This would expand our original image to a 7x7. With this, we now see how our next layer's size is again a 5x5, keeping our dimensionality consistent.

### Dimensionality

From what we've learned so far, how can we calculate the number of neurons of each layer in our CNN?

Given:

- our input layer has a width of W and a height of H
- our convolutional layer has a filter size F
- we have a stride of S
- a padding of P
- and the number of filters K,

the following formula gives us the __width of the next layer__: $W_{out} = \frac{(W+2P−width_{filter})}S + 1$.

The __output height__ would be $H_{out} = \frac{(H+2P−height_{filter})}S + 1$.

And the __output depth__ would be equal to the number of filters `D_out = K`.

The __output volume__ would be `W_out * H_out * D_out`.

Knowing the dimensionality of each additional layer helps us understand how large our model is and how our decisions around filter size and stride affect the size of our network.

## 10. Quiz: Convolution Output Shape

Introduction
For the next few quizzes we'll test your understanding of the dimensions in CNNs. Understanding dimensions will help you make accurate tradeoffs between model size and performance. As you'll see, some parameters have a much bigger impact on model size than others.

Setup
- H = height
- W = width
- D = depth

- We have an input of shape 32x32x3 (HxWxD)
- 20 filters of shape 8x8x3 (HxWxD)
- A stride of 2 for both the height and width (S)
- With padding of size 1 (P)


__What's the shape of the output?__
The answer format is HxWxD, so if you think the new height is 9, new width is 9, and new depth is 5, then type 9x9x5.

In [2]:
H = W = 32
K = 20
F_h = F_w = 8
S = 2
P = 1

h_out = (H + 2*P - F_h) / S +1
print(h_out)
w_out = (H  + 2*P - F_w) / S +1
print(w_out)
depth = K
print(depth)

14.0
14.0
20


This would correspond to the following code:



In [3]:
import tensorflow as tf
input = tf.placeholder(tf.float32, (None, 32, 32, 3))
filter_weights = tf.Variable(tf.truncated_normal((8, 8, 3, 20))) # (height, width, input_depth, output_depth)
filter_bias = tf.Variable(tf.zeros(20))
strides = [1, 2, 2, 1] # (batch, height, width, depth)
padding = 'SAME'
conv = tf.nn.conv2d(input, filter_weights, strides, padding) + filter_bias

Note the output shape of conv will be `[1, 16, 16, 20]`. It's 4D to account for batch size, but more importantly, it's not [1, 14, 14, 20]. This is because the padding algorithm TensorFlow uses is not exactly the same as the one above.
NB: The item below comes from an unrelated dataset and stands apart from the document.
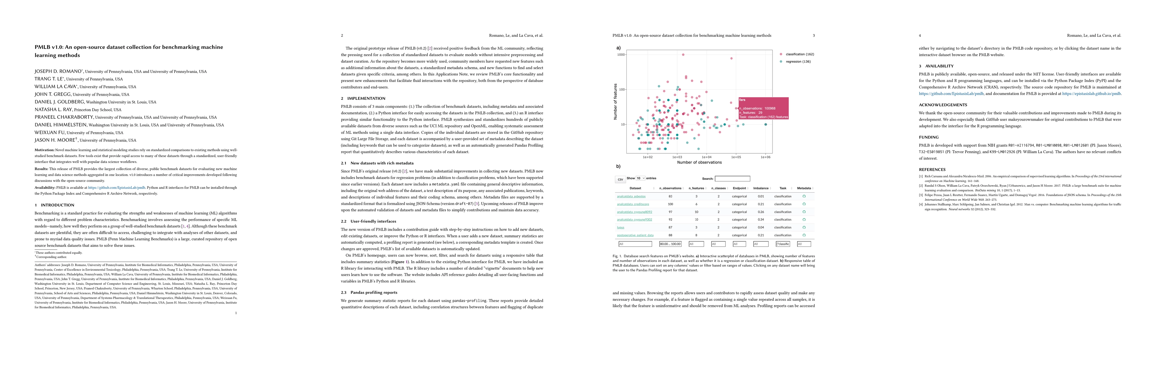 The PMLB v1.0 dataset collection provides a comprehensive platform for benchmarking machine learning methods, featuring the largest collection of diverse public datasets in one location.

An alternative algorithm is to switch __padding__ from __'SAME'__ to __'VALID'__ which would result in an output shape of `[1, 13, 13, 20]`. If you're curious how padding works in TensorFlow, read [this document](https://www.tensorflow.org/api_guides/python/nn#Convolution).

In summary TensorFlow uses the following equation for 'SAME' vs 'PADDING'

__SAME Padding__, the output height and width are computed as:

$out_{height} = ceil(float(in_{height}) / float(strides1))$

$out_{width} = ceil(float(in_{width}) / float(strides[2]))$

__VALID Padding__, the output height and width are computed as:

$out_{height} = ceil(float(in_{height} - filter_{height} + 1) / float(strides1))$

$out_{width} = ceil(float(in_{width} - filter_{width} + 1) / float(strides[2]))$

## Quiz: Number of Parameters

We're now going to calculate the number of parameters of the convolutional layer. The answer from the last quiz will come into play here!

Being able to calculate the number of parameters in a neural network is useful since we want to have control over how much memory a neural network uses.

Setup
- H = height
- W = width
- D = depth

- We have an input of shape 32x32x3 (HxWxD)
- 20 filters of shape 8x8x3 (HxWxD)
- A stride of 2 for both the height and width (S)
- Zero padding of size 1 (P)
- Output Layer 14x14x20 (HxWxD)

__Hint:__
Without parameter sharing, each neuron in the output layer must connect to each neuron in the filter. In addition, each neuron in the output layer must also connect to a single bias neuron.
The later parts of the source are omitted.